Press statement from an official at the Ministry of Finance
The recent decision by Moody’s to adjust Barbados’ domestic Credit rating downward coming as it is just weeks after Standard and Poors using the same information issued a review holding the country’s rating, is both disappointing and surprising.
Disappointing from the perspective that while it recognises the country’s efforts at fiscal consolidation as evidence by the initiatives taken as late as the last budget and more recently in the expenditure restraints in the 2011-12 estimates, it does not sufficiently credit these efforts in the government’s quest to reduce its fiscal deficit and ease debt burden over the medium to long term.
Equally, it is surprising because while correctly holding the foreign debt rating, it curiously ignores the very strong and liquid domestic capital market situation to claim that the system might be unable to support government’s requirements over the short to medium term.
This is clearly a speculative and unnecessary rush to judgment. The evidence is in fact to the contrary. Indeed not only have Government Instruments been eagerly accessed, but consistently oversubscribed. More importantly, the amortization profile for Government’s domestic debt portfolio is relatively smooth, with maturities mostly at the longer end of the maturity spectrum, which aids in ensuring that the domestic debt-service burden is not too onerous.
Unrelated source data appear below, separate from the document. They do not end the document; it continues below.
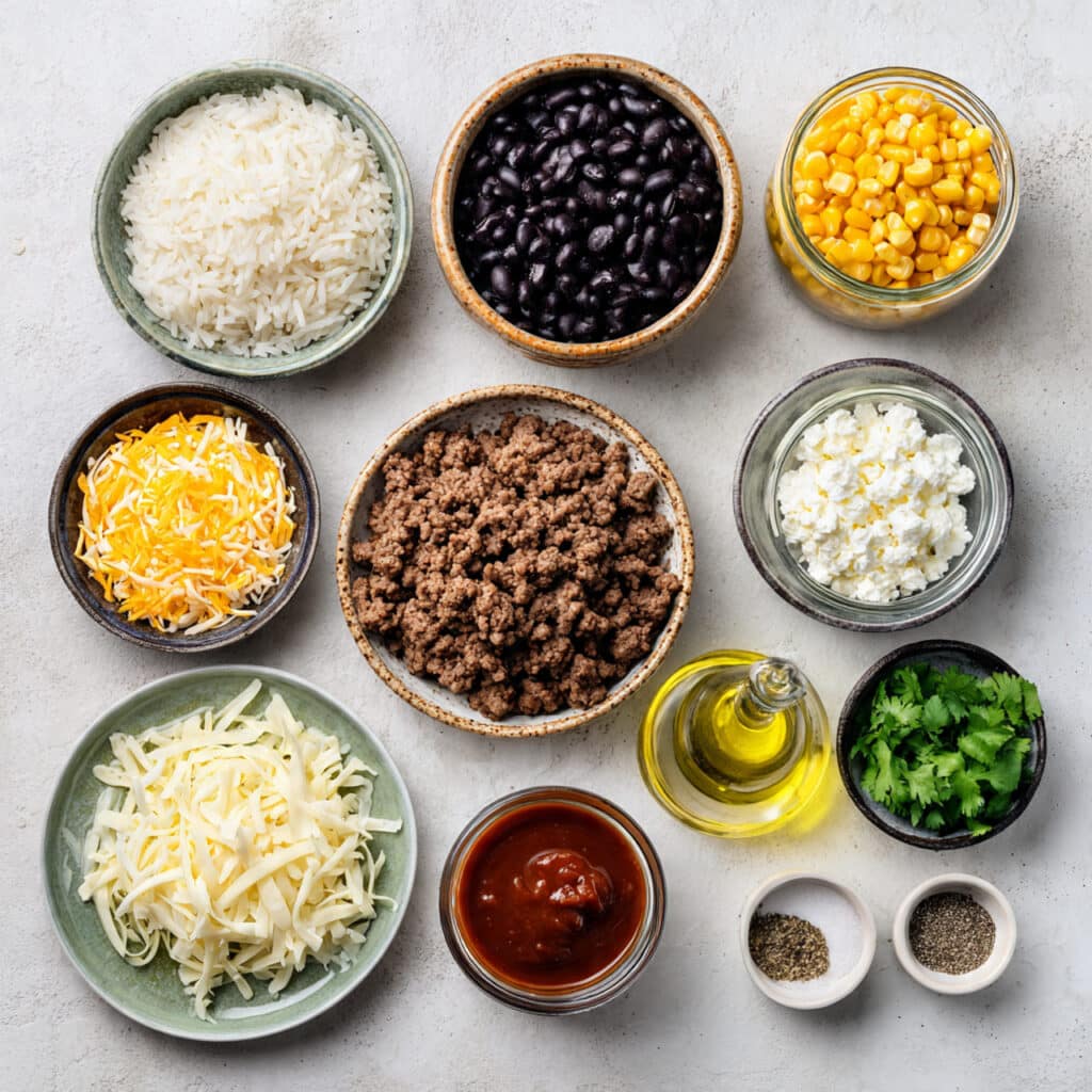 A cozy and flavorful enchilada-inspired bowl layered with seasoned beef, rice, beans, corn, and creamy cottage cheese for a satisfying and easy meal.
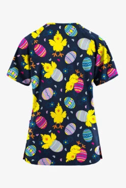 Butter-Soft Originals Easter Egg Hunt Fuchsia Women’s 7-Pocket Curved V-Neck Printed Scrub TopÂ
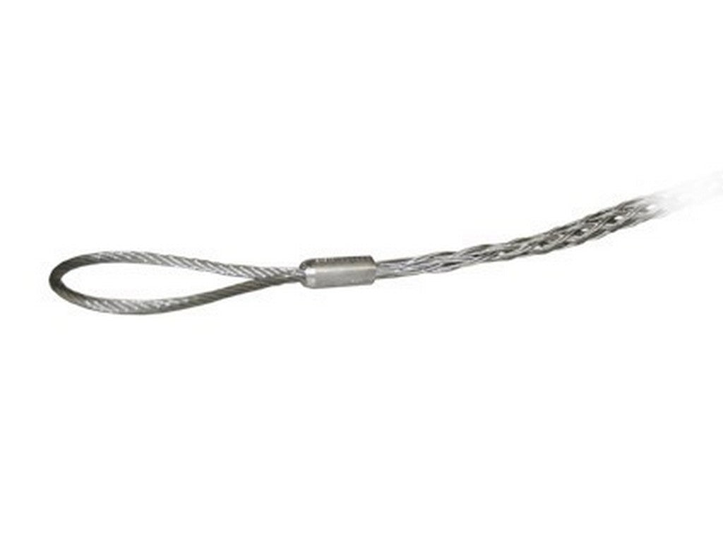 KATIMEX® offers flexible cable grips for underground cabling. Made with a highly flexible 19-strand double cord, these galvanized wire grips attach easily to cables. They come in various sizes for cables 10-180mm in diameter. Strands at the beginning of the grip are bound and pressed in a chamfered ferrule with an eye to prevent snagging. Tension is uniformly transferred along the mesh, preventing breakage. The working length, or nominal length, is the effective mesh length. Woven ends minimize injury risk. KATIMEX® provides custom solutions, manufacturing grips to specific lengths with optional cable eye stiffeners.
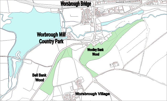 BELL BANK WOOD BARNSLEY Bell Bank Wood comprises a narrow belt of woodland, located along the eastern side of the A61 Sheffield to Barnsley road. The wood lies approximately 3 kilometres south of the centre of Barnsley and close to Worsbrough Mill and, along with nearby Woolley Bank Wood, forms part of Worsbrough Mill Country Park.
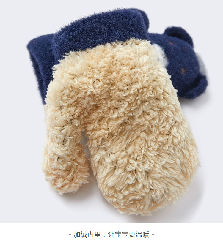 巴拉巴拉 Детские зимние трикотажные флисовые милые перчатки для мальчиков, в западном стиле, с медвежатами
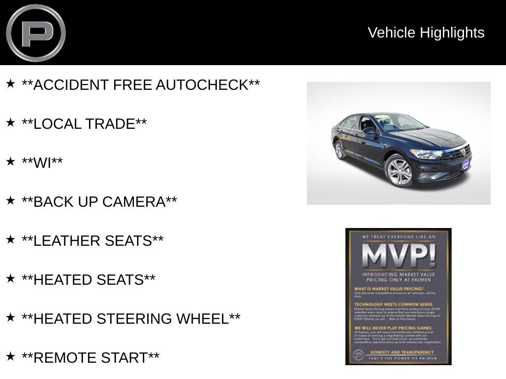 We make upgrading simple with trade-ins welcome and financing available to fit your budget. If you’re searching for a fuel-efficient used Volkswagen Jetta R-Line in Kenosha, this one stands out. Visit Palmen Kia or Palmen Motors in Kenosha, WI today to schedule your test drive.
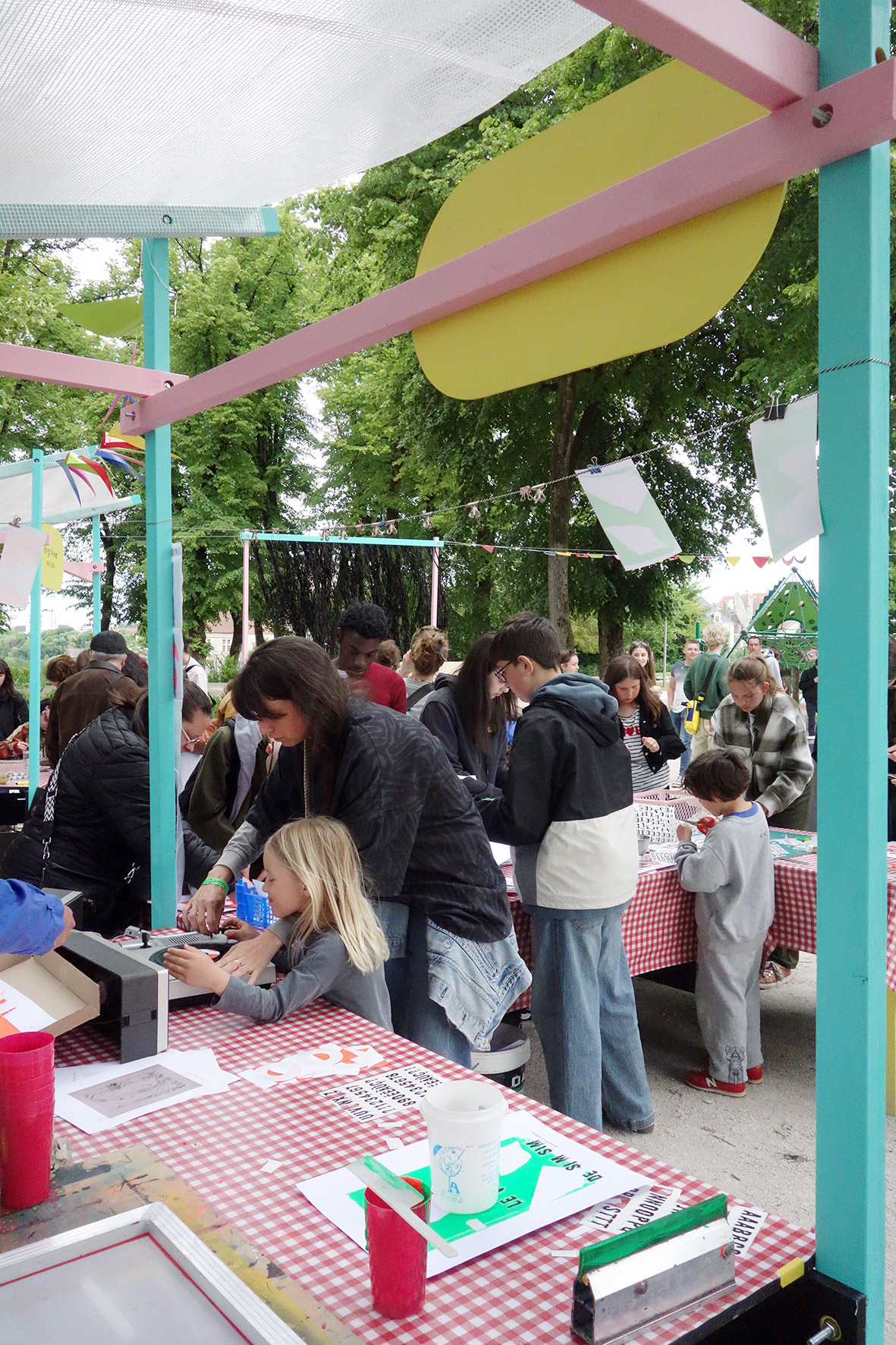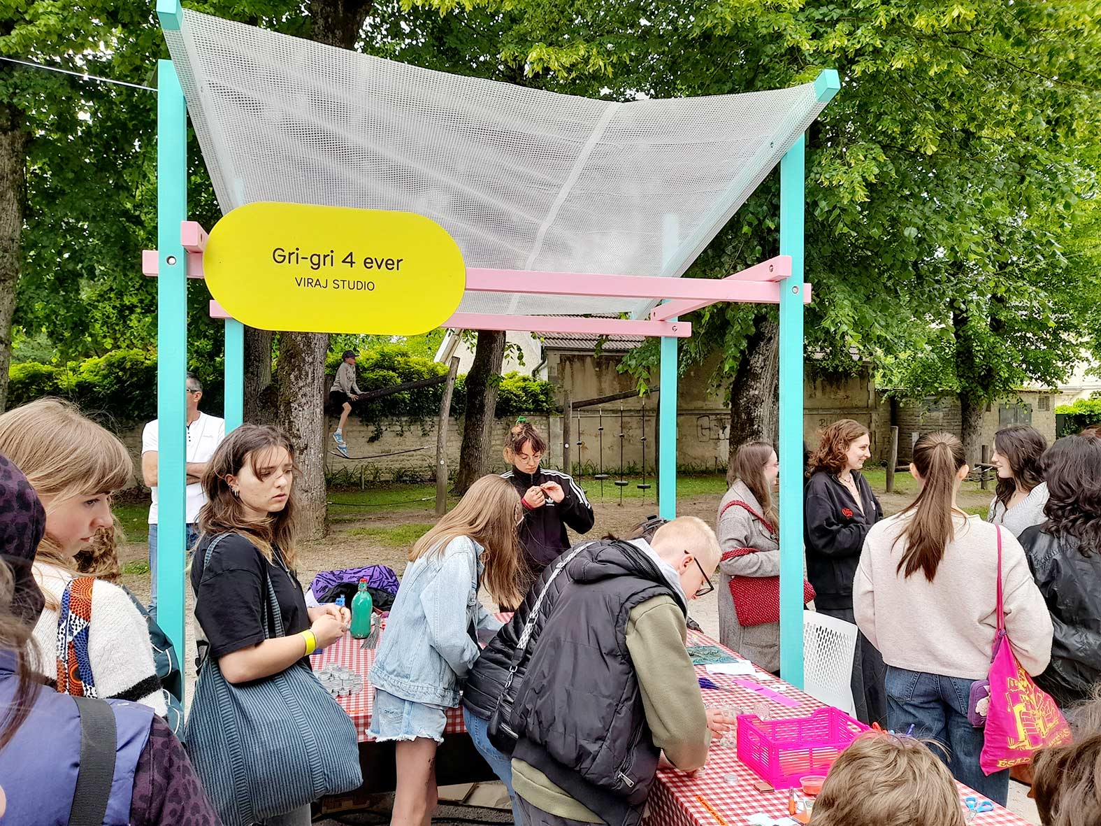 + 2 artistes/collectifs réuni.es autour du thème de la Biennale: Noise. Avec Maycec, et sa polycopieuse à toute épreuve (même au vent) pour l’atelier Musicographisme, et Viraj Studio avec qui on a pu fabriquer son gri-gri précieux et scintillant.

With this in mind, our government remains focus and committed to working our way out of this tough recessionary period without unraveling the social fabric and economic stability of the country by instituting unnecessary and unreasonable measures that wipe out the social gains of the country and jeopardise the clear signs of recovering which have begun to emerge in the local economy over the last few quarters and that we expect over the course of the rest of 2011. All Barbados must remain focused.